Description of problem: The new rpmlint version reports invalid-url warning for source references that are not urls, e.g. Source: %{_name}-%{version}.tar.gz results in: $ rpmlint globus-gram-client-tools.spec globus-gram-client-tools.spec: W: invalid-url Source0: globus_gram_client_tools-7.3.tar.gz The description of this warning is: $ rpmlint -I invalid-url invalid-url: The value should be a valid, public HTTP, HTTPS, or FTP URL. Issuing this warning if there is e.g. a git:// or svn+ssh:// url there makes sense, but issuing the warning when the source reference is not a url at all doesn't. There are many reasons why the source reference might not be a url: http://fedoraproject.org/wiki/Packaging:SourceURL#Using_Revision_Control http://fedoraproject.org/wiki/Packaging:SourceURL#When_Upstream_uses_Prohibited_Code http://fedoraproject.org/wiki/Packaging:SourceURL#Troublesome_URLs Version-Release number of selected component (if applicable): rpmlint-0.94-1.fc12.noarch How reproducible: Always Steps to Reproduce: 1. Run rpmlint on a spec file with a non-url source reference Actual results: rpmlint issues an invalid-url warning. Expected results: No warning. Additional info: This issue did not exist in earlier versions of rpmlint.

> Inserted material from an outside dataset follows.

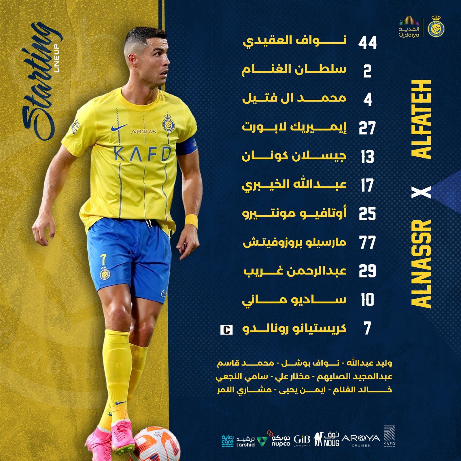 وشهد تشكيل النصر لمواجهة الفتح بالدوري السعودي، مشاركة النجم البرتغالي كريستيانو رونالدو والسنغالي ساديو ماني، بالإضافة إلى لاعب الوسط الكرواتي بروزوفيتش، والمدافع الإسباني إيمريك لابورت.
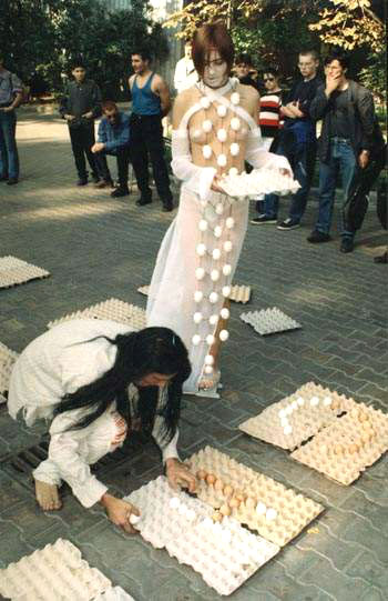Тема яйца неисчерпаема тАУ несколько лет назад, на рубеже веков, была проведена акция Сергея Войченко и Владимира Цеслера ВлПроект века "Двенадцать из двадцатого"В». Главная мысль акции была в том, что это послание нашего уходящего XX века будущему. ВлПроект векаВ» - это еще прощание и благодарность тем, кто отражал свое время, его дух, и создавал совершенно новые направления в искусстве на протяжении двадцатого столетия, тем крупнейшим художникам прошедшего века, чье творчество повлияло на пути развития искусства и современного образа мышления. В объектах - современной метаморфозе скульптуры, коими являются яйца, воплощены своеобразные портреты их идей. Матово-черное яйцо Каземира Малевича и прозрачное как слеза тАУ Иосифа Бродского, оплывшее золото Сальвадора Дали и ежик из гвоздей Гюнтера Юккера. Работа над проектом длилась четыре года и потребовала настоящих технологических открытий. Задуманные в разных материалах (мрамор, чугун, эпоксидная смола, акрилат итп), доведенные до технического идеала объекты выполнялись самыми разными способами. Даже конверсия послужила на этот раз вечному и прекрасному - некоторые работы производились на ранее недоступных военных заводах. Посмотреть выставку этой акции можно было и в Москве в Пушкинском Музее и в Питере в Русском Музее.

This is intentional, we want a warning for all non-URL source archives to alert packagers to check if a URL would exist but is accidentally not used. If there's no URL that can be used for the source archive, just ignore the warning.
I've just hit the same problem. It would seem to me that a better solution would be for rpmlint to support file:// URLs.
I fail to see how file:// URLs in specfiles would make any sense.
"to alert packagers to check if a URL would exist but is accidentally not used" This seems to be a very weak argument. spectool -g and/or rpmbuild and/or mock will clearly break if the source isn't present and cannot be retrieved. Filtering only this exact scenario (no URL just filename) but ensuring other truly invalid URL warnings don't get suppressed is either tedious with a ton of package-specific yet nearly identical filter statements in a global rpmlint config (or all over the place in package-specific rpmlint configs) or a single regex (that is bug free) that suppresses every possibility of this exact error (and again, copy/pasted all over the place into every package-specific rpmlint file for those that don't use some giant global config file). Would you be willing to reconsider?
FWIW no, but then again other people look after rpmlint these days. Anyway, I think it's trivial to add one suppression filter to a rpmlint config that would take care of these cases and doesn't hurt others, if this message is undesirable. Doing it the other way (having rpmlint report something through its configs that it doesn't know about) is not possible.